* [Records]:
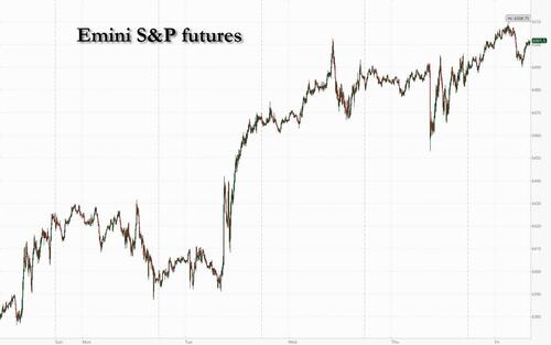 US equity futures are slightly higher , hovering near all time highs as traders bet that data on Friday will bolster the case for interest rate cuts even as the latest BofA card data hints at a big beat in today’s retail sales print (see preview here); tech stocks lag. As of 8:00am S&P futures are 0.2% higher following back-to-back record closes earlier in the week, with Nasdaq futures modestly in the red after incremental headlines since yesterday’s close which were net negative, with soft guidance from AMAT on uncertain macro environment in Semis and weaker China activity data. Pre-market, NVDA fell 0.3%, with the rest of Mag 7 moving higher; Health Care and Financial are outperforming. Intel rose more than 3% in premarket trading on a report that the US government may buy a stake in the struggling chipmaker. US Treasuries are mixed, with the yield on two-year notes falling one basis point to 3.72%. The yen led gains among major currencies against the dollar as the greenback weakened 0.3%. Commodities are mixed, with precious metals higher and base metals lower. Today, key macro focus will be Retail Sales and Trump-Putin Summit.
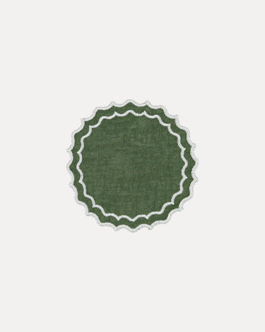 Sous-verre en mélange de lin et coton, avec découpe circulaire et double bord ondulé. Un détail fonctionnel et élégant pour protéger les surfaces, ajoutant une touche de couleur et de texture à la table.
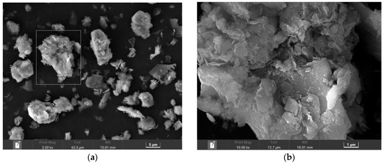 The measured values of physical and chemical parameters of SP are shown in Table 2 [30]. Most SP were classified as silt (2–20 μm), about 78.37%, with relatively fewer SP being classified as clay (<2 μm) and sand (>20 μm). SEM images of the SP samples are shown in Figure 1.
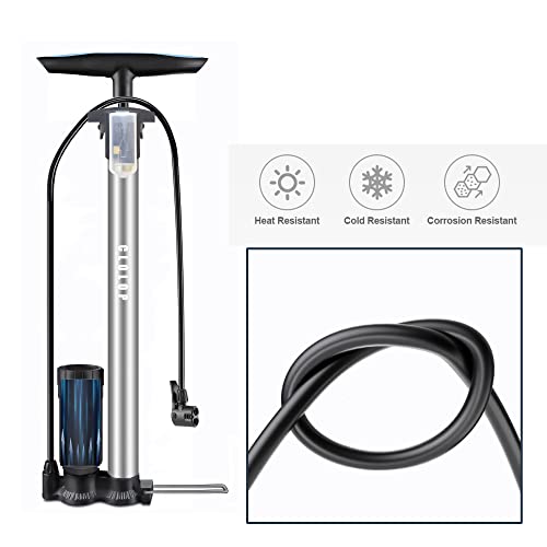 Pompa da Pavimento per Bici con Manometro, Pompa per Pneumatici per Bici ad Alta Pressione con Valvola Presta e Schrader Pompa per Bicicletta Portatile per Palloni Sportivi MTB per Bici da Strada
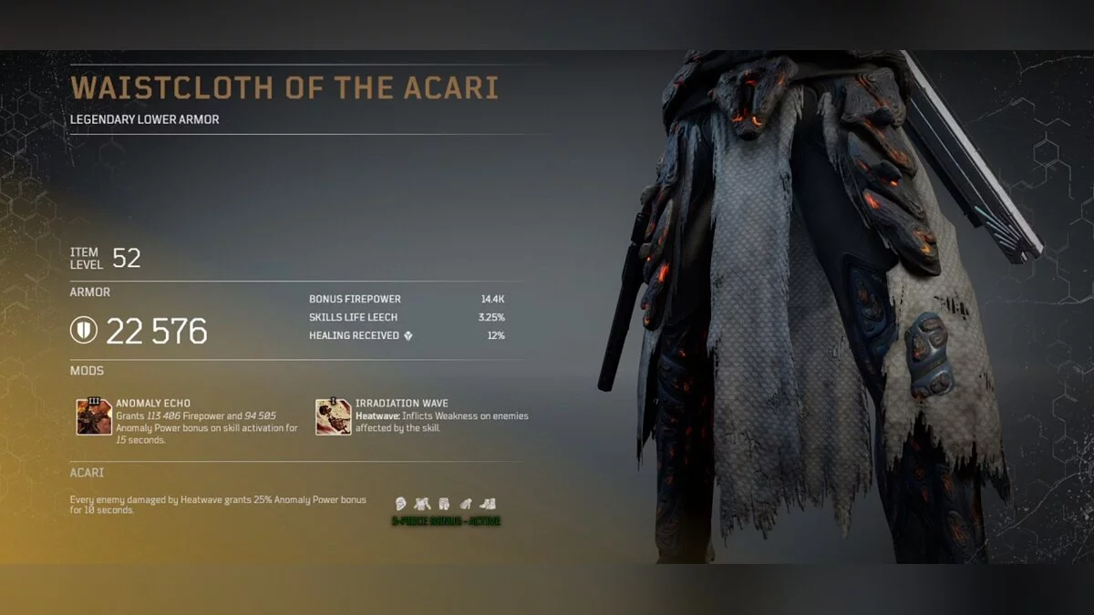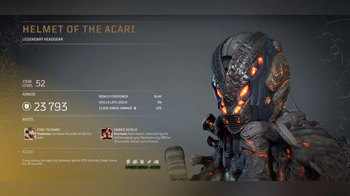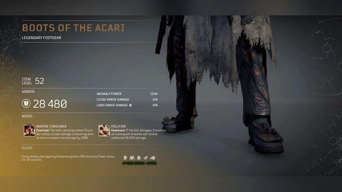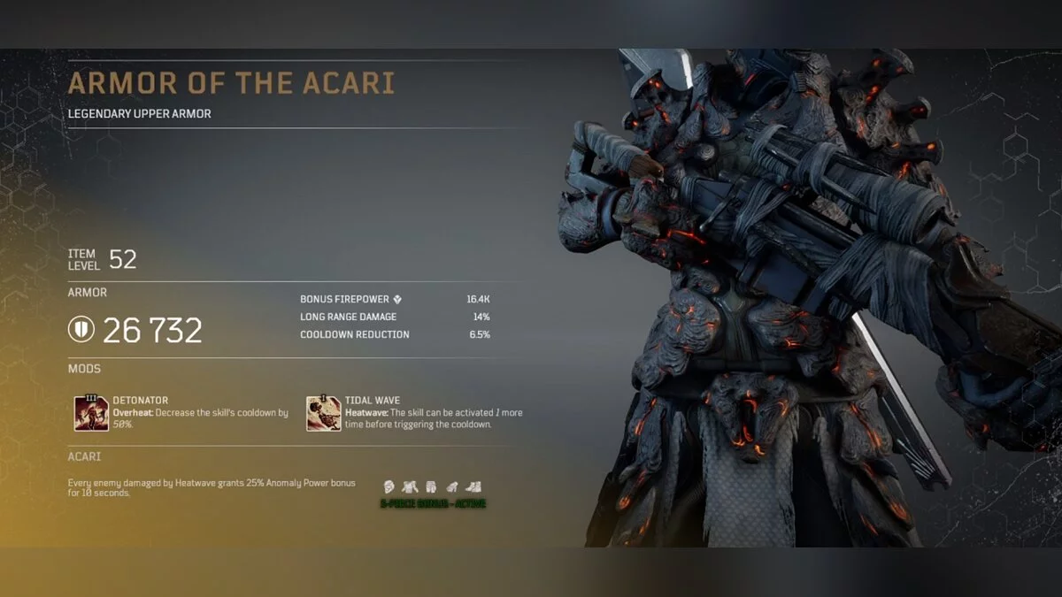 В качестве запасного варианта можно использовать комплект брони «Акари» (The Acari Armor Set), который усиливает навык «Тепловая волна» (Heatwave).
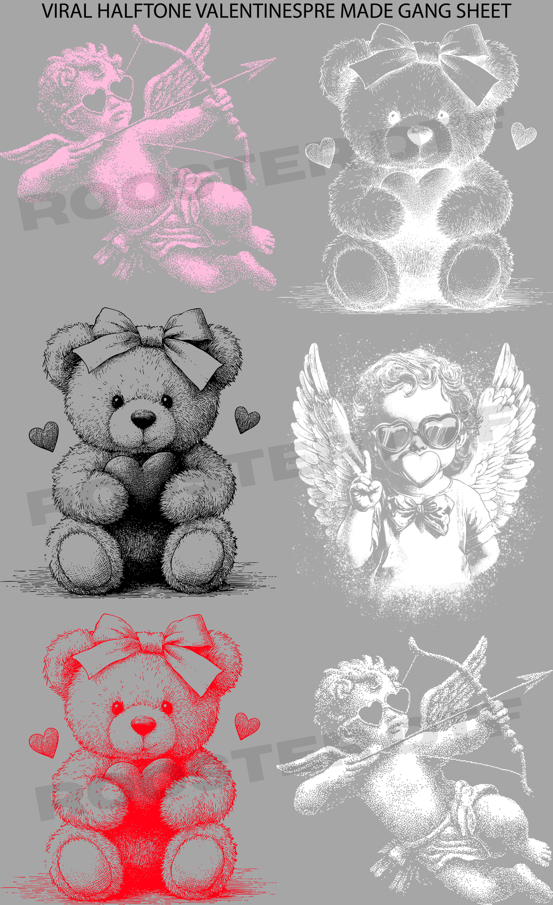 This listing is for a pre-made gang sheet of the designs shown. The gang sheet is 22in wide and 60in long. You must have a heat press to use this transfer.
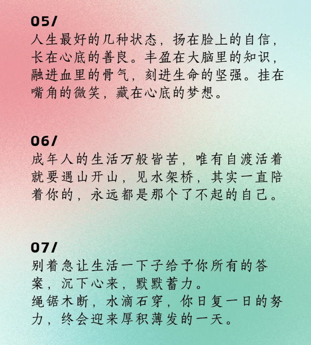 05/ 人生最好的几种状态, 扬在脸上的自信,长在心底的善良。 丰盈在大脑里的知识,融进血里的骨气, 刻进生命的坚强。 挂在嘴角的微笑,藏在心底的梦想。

* [What is expected]: Give back the full listing word for word, with the pictures left out.

* [Answer section]:
 US equity futures are slightly higher , hovering near all time highs as traders bet that data on Friday will bolster the case for interest rate cuts even as the latest BofA card data hints at a big beat in today’s retail sales print (see preview here); tech stocks lag. As of 8:00am S&P futures are 0.2% higher following back-to-back record closes earlier in the week, with Nasdaq futures modestly in the red after incremental headlines since yesterday’s close which were net negative, with soft guidance from AMAT on uncertain macro environment in Semis and weaker China activity data. Pre-market, NVDA fell 0.3%, with the rest of Mag 7 moving higher; Health Care and Financial are outperforming. Intel rose more than 3% in premarket trading on a report that the US government may buy a stake in the struggling chipmaker. US Treasuries are mixed, with the yield on two-year notes falling one basis point to 3.72%. The yen led gains among major currencies against the dollar as the greenback weakened 0.3%. Commodities are mixed, with precious metals higher and base metals lower. Today, key macro focus will be Retail Sales and Trump-Putin Summit.
 Sous-verre en mélange de lin et coton, avec découpe circulaire et double bord ondulé. Un détail fonctionnel et élégant pour protéger les surfaces, ajoutant une touche de couleur et de texture à la table.
 The measured values of physical and chemical parameters of SP are shown in Table 2 [30]. Most SP were classified as silt (2–20 μm), about 78.37%, with relatively fewer SP being classified as clay (<2 μm) and sand (>20 μm). SEM images of the SP samples are shown in Figure 1.
 Pompa da Pavimento per Bici con Manometro, Pompa per Pneumatici per Bici ad Alta Pressione con Valvola Presta e Schrader Pompa per Bicicletta Portatile per Palloni Sportivi MTB per Bici da Strada
 В качестве запасного варианта можно использовать комплект брони «Акари» (The Acari Armor Set), который усиливает навык «Тепловая волна» (Heatwave).
 This listing is for a pre-made gang sheet of the designs shown. The gang sheet is 22in wide and 60in long. You must have a heat press to use this transfer.
 05/ 人生最好的几种状态, 扬在脸上的自信,长在心底的善良。 丰盈在大脑里的知识,融进血里的骨气, 刻进生命的坚强。 挂在嘴角的微笑,藏在心底的梦想。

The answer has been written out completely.